Reproduce every record verbatim but drop the pictures.

□ □ □ □

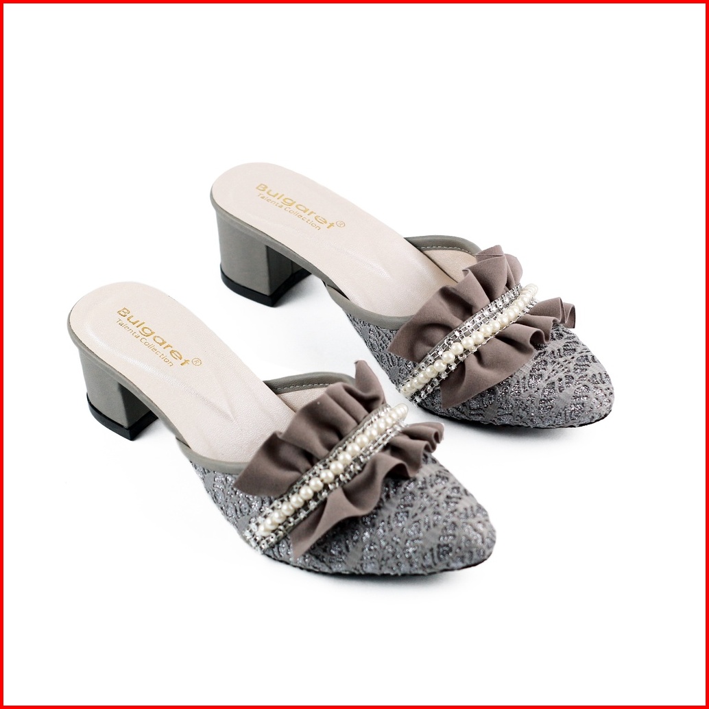 High Heels Wanita Sandal Pesta Mutiara Hak Tahu Brukat Mc-r 06
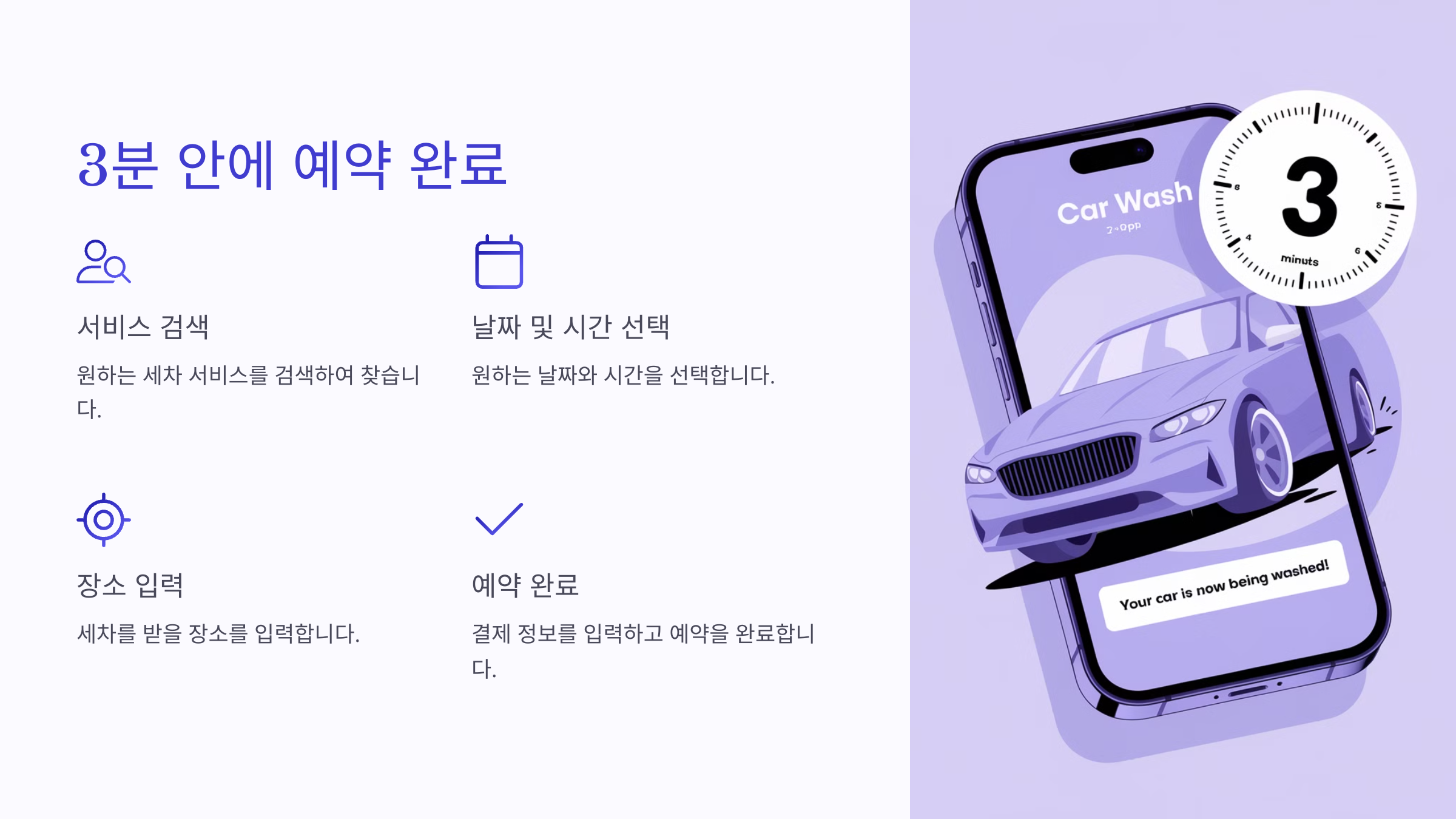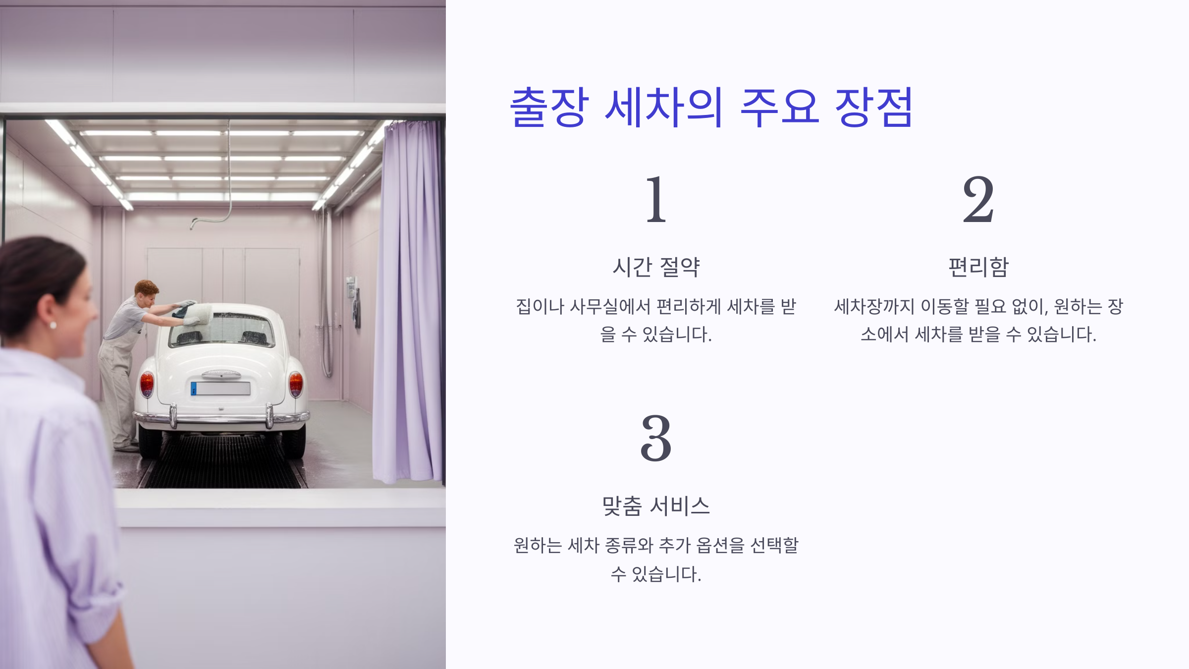네 번째로는 편의성이에요. 업무 중, 집에서 쉬는 중, 쇼핑하는 동안에도 세차 서비스를 받을 수 있어요. 차량 관리가 점점 더 간편해지는 시대에 맞는 서비스라 할 수 있어요.
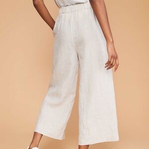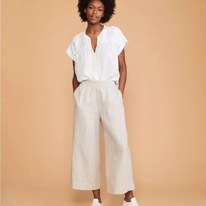 Lou & Grey Loft Wide Leg 100% Linen Pants Beige Pull on Flowy Womens Large ankle cropped
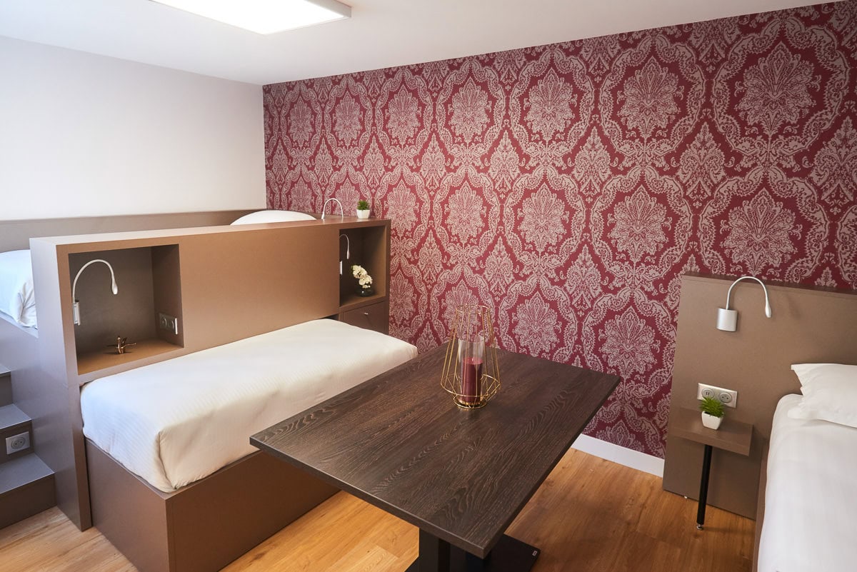 Studio familial composé de 2 lits de 140 cm + 1 lit de 80 cm.
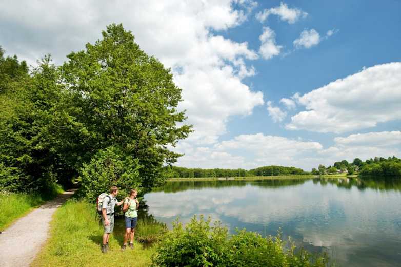 Auf einer feuchten Wiese geht es hangabwärts zum Heisterberger Weiher. Besonders im Sommer füllen sich seine Ufer mit Menschen, die zum Baden gekommen sind oder sich ein Boot für eine Spritztour übers Wasser ausleihen. Es gibt auch einen modernen, ganzjährig geöffneten Campingplatz mit sanitären Einrichtungen (behindertengerecht), Kinderspielplatz und Volleyballfeld, Kiosk und Gaststätte. Am Heisterberger Weiher begegnest du wieder dem Amdorfbach. Am Ufer des Sees entlang führt der WesterwaldSteig bis zur Straße nach Heisterberg.
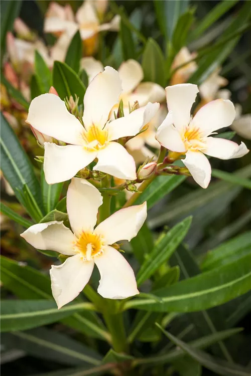 Nerium oleander, gelb bildet während der gesamten Saison zahlreiche gelbe Blüten.
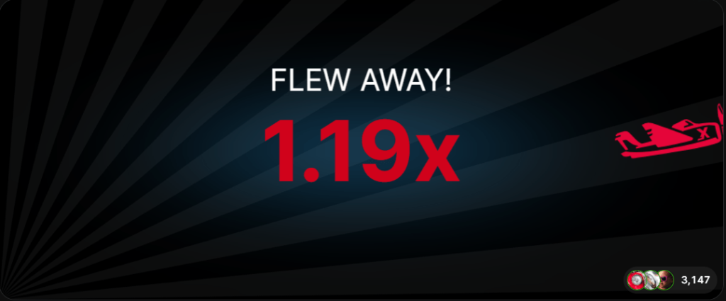 The plane can fly away at any point, including 1.00x. When this occurs, the multiplier immediately stops increasing. Any players who do not cash out before the crash lose their bet.
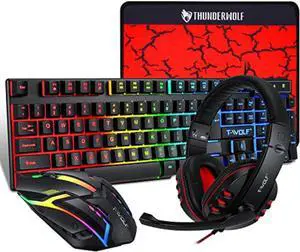 T-Wolf Gaming Combo TF800 Keyboard/Mouse/Headphone/Mouse Pad Wired LED RGB Backlight Bundle for PC Gamers Users - 4 in 1, Black

□ □ □ □

◆ Your solution ◆
 High Heels Wanita Sandal Pesta Mutiara Hak Tahu Brukat Mc-r 06
네 번째로는 편의성이에요. 업무 중, 집에서 쉬는 중, 쇼핑하는 동안에도 세차 서비스를 받을 수 있어요. 차량 관리가 점점 더 간편해지는 시대에 맞는 서비스라 할 수 있어요.
 Lou & Grey Loft Wide Leg 100% Linen Pants Beige Pull on Flowy Womens Large ankle cropped
 Studio familial composé de 2 lits de 140 cm + 1 lit de 80 cm.
 Auf einer feuchten Wiese geht es hangabwärts zum Heisterberger Weiher. Besonders im Sommer füllen sich seine Ufer mit Menschen, die zum Baden gekommen sind oder sich ein Boot für eine Spritztour übers Wasser ausleihen. Es gibt auch einen modernen, ganzjährig geöffneten Campingplatz mit sanitären Einrichtungen (behindertengerecht), Kinderspielplatz und Volleyballfeld, Kiosk und Gaststätte. Am Heisterberger Weiher begegnest du wieder dem Amdorfbach. Am Ufer des Sees entlang führt der WesterwaldSteig bis zur Straße nach Heisterberg.
 Nerium oleander, gelb bildet während der gesamten Saison zahlreiche gelbe Blüten.
 The plane can fly away at any point, including 1.00x. When this occurs, the multiplier immediately stops increasing. Any players who do not cash out before the crash lose their bet.
 T-Wolf Gaming Combo TF800 Keyboard/Mouse/Headphone/Mouse Pad Wired LED RGB Backlight Bundle for PC Gamers Users - 4 in 1, Black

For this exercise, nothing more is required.